While data uploads are well suited for moving large amounts of data from one place to another, bringing together data from multiple locations typically requires slightly different implementations of data collections. The main solutions for data collection described in the whitepaper include:
- Apache Flume - a distributed, reliable, robust, fault tolerant and available service for efficiently collecting, aggregating, and moving large amounts of log data. It has a simple and flexible architecture based on streaming data flows with tunable reliability mechanisms and many failover and recovery mechanisms.
- Fluentd - an open source tool to collect events and logs and store them for search, analytics, and archiving in S3 and Hadoop (HDFS).
Once the data has been collected, the next important task is to aggregate the data. The whitepaper discusses in details several data aggregation best practices including aggregated data size, data partitioning and data compression.
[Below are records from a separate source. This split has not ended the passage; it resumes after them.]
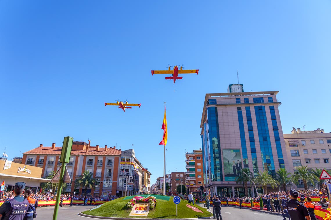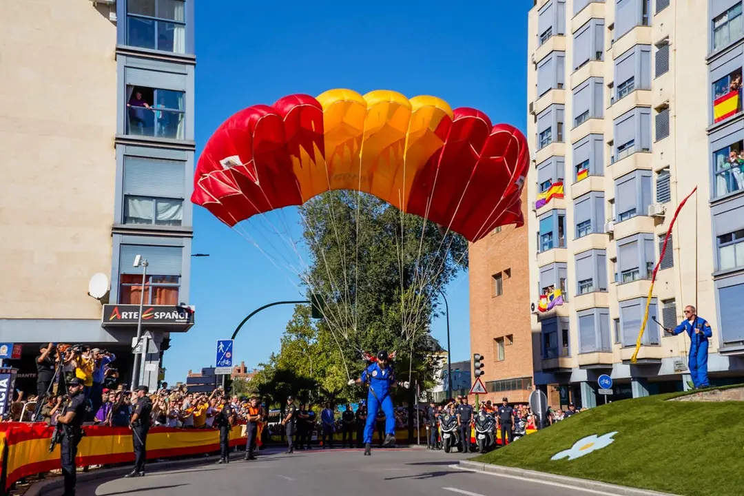 El acto comenzará a las 11:15 horas en la Plaza España, junto a la estación de Renfe. En él participarán la Base Aérea con dos cazas F18 y la UME, la Brigada Paracaidista (BRIPAC), y la Patrulla Acrobática de Paracaidistas del Ejército del Aire (PAPEA).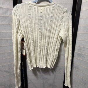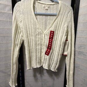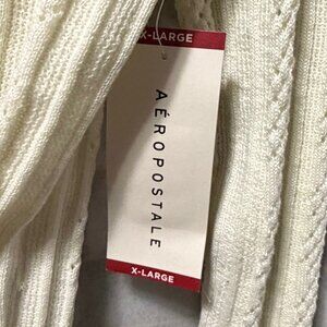 Aeropostale Pointelle Knit Cardigan Sweater Cream White Button V-Neck XL NWT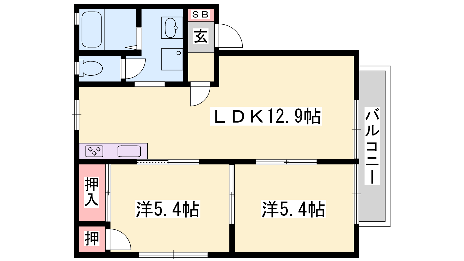 - LDK12.9帖、洋室5.4帖、洋室5.4帖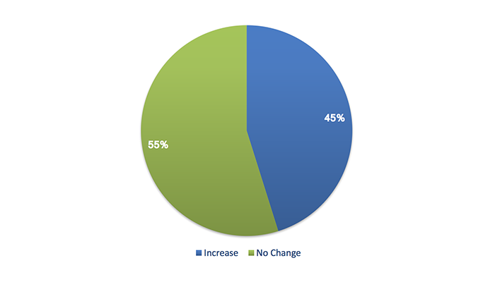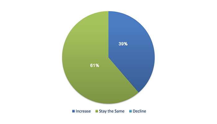 Over the next six months, will your company increase or decrease spending on business development activities?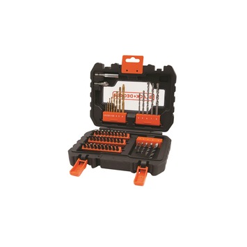 De BLACK+DECKER A7232-XJ is een compacte 50 delige boren-/bitset met de meest courante boren en bits. Zo heb je direct alles bij de hand voor bijna alle boor- en schroefklussen in en rondom huis. De boren en bits zitten in een overzichtelijke koffer. Inhoud: 5 houtboren (3, 4, 5, 6 & 8mm), 5 steenboren (4-8mm), 8 metaalboren (1.5, 2, 2.5, 3, 3.5, 4, 5 ,6), 30 bits 25mm (Ph, Pz, Sl, Torx, Hex), magnetische bithouder.

The bulk of the whitepaper is devoted to data processing with AWS EMR, providing recommendations for:
- Picking the right instance size when provisioning an Amazon EMR.
- Picking the right amount of instances for a cluster.
- Estimating the amount of mappers and reducers for a cluster.
- Transient vs. persistent EMR cluster
- Optimizing EMR cluster costs by using appropriate EC2 instances - on-demand, reserved and spot
- Optimizing EMR cluster performance
The whitepaper also covers a number of EMR patterns and advice on:
- Using S3 instead of HDFS
- Using S3 and HDFS together
- Using Elastic EMR clusters
All in all, Best Practices for Amazon EMR is an invaluable guide for everyone who seriously considers using AWS Elastic Map-Reduce.